= Army of Bohemia =

Field army during the Napoleonic Wars

The Army of Bohemia was a coalition field army during the War of the Sixth Coalition in 1813–1814. It was under the command of the Austrian field marshal Karl Philipp zu Schwarzenberg. In addition to commanding the field army, Schwarzenberg was also the supreme allied commander and the commander of the Austrian army in Bohemia.

The Army of Bohemia was formed by placing the Austrian, Russian and Prussian corps in Bohemia under a single command. The Russian and Prussian corps were commanded by Michael Andreas Barclay de Tolly, who was subordinate to Schwarzenberg. Schwarzenberg's command was designated the Army of Bohemia on 1 May 1813. His chief of staff was Joseph Radetzky and all three coalition sovereigns—Emperor Francis I of Austria, Tsar Alexander I of Russia and King Frederick William III of Prussia—stayed at his headquarters. Including reserves and guards, the Army of Bohemia contained 127,435 Austrians, 78,200 Russians and 44,907 Prussians. This included well over half of Austria's front-line troops.

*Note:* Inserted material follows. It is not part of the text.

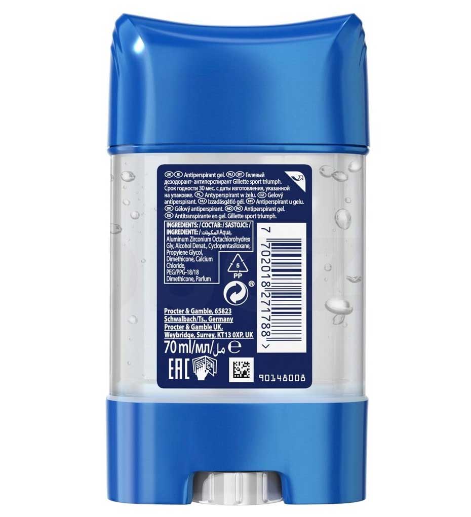 استیک ضدتعریق ژلی ژیلت اسپرت Gillette Sport Triumph دارای فرمول ویژه برای محافظت قابل اعتماد 48 ساعته تازگی و خشکی زیر بغل در حین فعالیت های پرتحرک ورزشی به همراه رایحه ماندگار می باشد. ژل ضدتعریق ژیلت دارای فناوری SCENT XTEND برای حفظ شدت رایحه به طور یکسان در تمام مدت استفاده است. این استیک با بافت ژلی محو شونده و بدون ایجاد لکه بر روی لباس، سپر محافظتی در برابر عرق و بوی عرق است و رایحه طولانی مدت دریایی، چوبی و لیمو را به همراه دارد.

The Army of Bohemia crossed the frontier into Saxony on 22 August. It was defeated and suffered 38,000 casualties and the loss of 40 guns in the Battle of Dresden (26–27 August). Pursued back into Bohemia, it fought a successful defence in the Battle of Kulm on 29–30 August 1813. With the Army of Silesia, it was victorious in the Battle of Leipzig (16–19 October), after which it pushed across Germany and invaded France. Schwarzenberg placed a portion of the Army of Bohemia under the command of Gebhard Leberecht von Blücher of the Army of Silesia for the Battle of La Rothière on 1 February 1814. Afterwards, the armies separated again, although both advanced on Paris. The Army of Bohemia captured Bar-sur-Aube (27 February) and was victorious in the Battle of Arcis-sur-Aube (20–21 March). It entered Paris on 31 March, effectively bringing the war to an end.